И вдруг - они! Ну как из-под земли!

Четыре честно-искренние взора,
Четыре сердца, полные огня.
Четыре благородных мушкетера,
Четыре веры в дружбу и в меня!

Меня обидел горько человек,
В которого я верил бесконечно.
Но там, где дружба вспыхнула сердечно,
Любые беды - это не навек!

И вот стоят четыре генерала,
Готовые и в воду, и в огонь!
Попробуй подлость подкрадись и тронь,
И гнев в четыре вскинется кинжала.

Их жизнь суровей всякой строгой повести.
Любая низость - прячься и беги!
Перед тобой четыре друга совести
И всякой лжи четырежды враги!

Пусть сыплет зло без счета горсти соли,
Но если рядом четверо друзей
И если вместе тут четыре воли,
То, значит, сердце вчетверо сильней!

И не свалюсь я под любою ношею,
Когда на всех и радость, и беда.
Спасибо вам за все, мои хорошие!
И дай же бог вам счастья навсегда!

7 апреля 1997
Переделкино

 
Я ПРАВДУ СОБИРАЮ ПО ЧАСТИЦАМ

Я правду собираю по частицам,
Как каменщик, что строит этажи.
Ищу ее, крупицу за крупицей,
В густых завалах хитрости и лжи.

Есть люди, что картины собирают,
Другие - книги ищут и хранят;
Те марки или пленки покупают,
А эти все, буквально все подряд.

А я, точа, как говорится, перья
И веря, что лишь истина права,
Всю жизнь ищу сердечное доверье
И честные, правдивые слова.

Все сущее, как трепетную повесть,
Я мерю меркой выстраданных дней.
А эту мерку называют Совесть,
И все живое сходится на ней!

Возможно, рок подобное творит,
Но если Совесть в ком-нибудь созреет
И он отважно правду говорит,
То в нем вдруг словно лампочка горит
И весь он даже внешне хорошеет!

И наших чувств недолговечен век.
Все, говорят, на свете быстротечно,
Но счастье может длиться целый век,
Когда с тобою рядом человек,
Которому ты веришь бесконечно.

И как мне горько, если мой знакомый
Иль где-то, может статься, даже друг
Начнет о чем-то говорить и вдруг
Солжет спокойно и почти весомо.

А я от лжи мучительно страдаю,
Но вот стесняюсь обличить его.
И так бывает стыдно за него
И за себя, что это позволяю...

А собеседник, видя, что идет
Любая ложь, коль я не возражаю,
Порой еще напористее врет,
И спорить бесполезно. Понимаю.

Но как же остро хочется порою,
Устав от лжи бесчувственно-пустой,
Пробыть хоть час с открытою душой,
Где, словно луч с хрустальною водою,
Сверкает правда рыбкой золотой!

11 февраля 1996 г.
Красновидово

 
ДВА СЛОВА О ЛЮБВИ

Ну зачем, ну зачем нам с тобою ссориться?
Ведь от споров, амбиций и глупых ссор
Ничего-то хорошего не построится,
А останется только словесный сор.

Ну пускай бы мы глупыми оба были,
Так ведь признаков тупости вроде нет,
Или, скажем, друг друга б мы не любили,
Так ведь любим, и, кстати, уж сколько лет!
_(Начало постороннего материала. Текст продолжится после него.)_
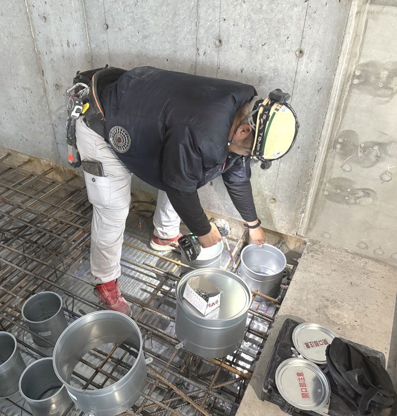 コンクリート打設前に、空調・衛生・電気工事で使用するスリーブ・インサートを設置します。その他にもアンカー工事、アンカー引張試験、はつり工事、資機材搬出入、養生・清掃、コンクリート打設相番など幅広く対応いたします。

Да, всем хочется быть на земле любимыми.
Но большое ведь следует сберегать.
Я уверен: чтоб быть до конца счастливыми,
Надо быть терпеливыми и терпимыми,
Не стремясь ни скомандовать, ни подмять.

Кто сказал, что любовь - только свет и краски,
Счастье встреч и большие, как мир, слова,
Что любовь - только нежно-хмельные ласки,
От которых, как в праздник, звенит голова?!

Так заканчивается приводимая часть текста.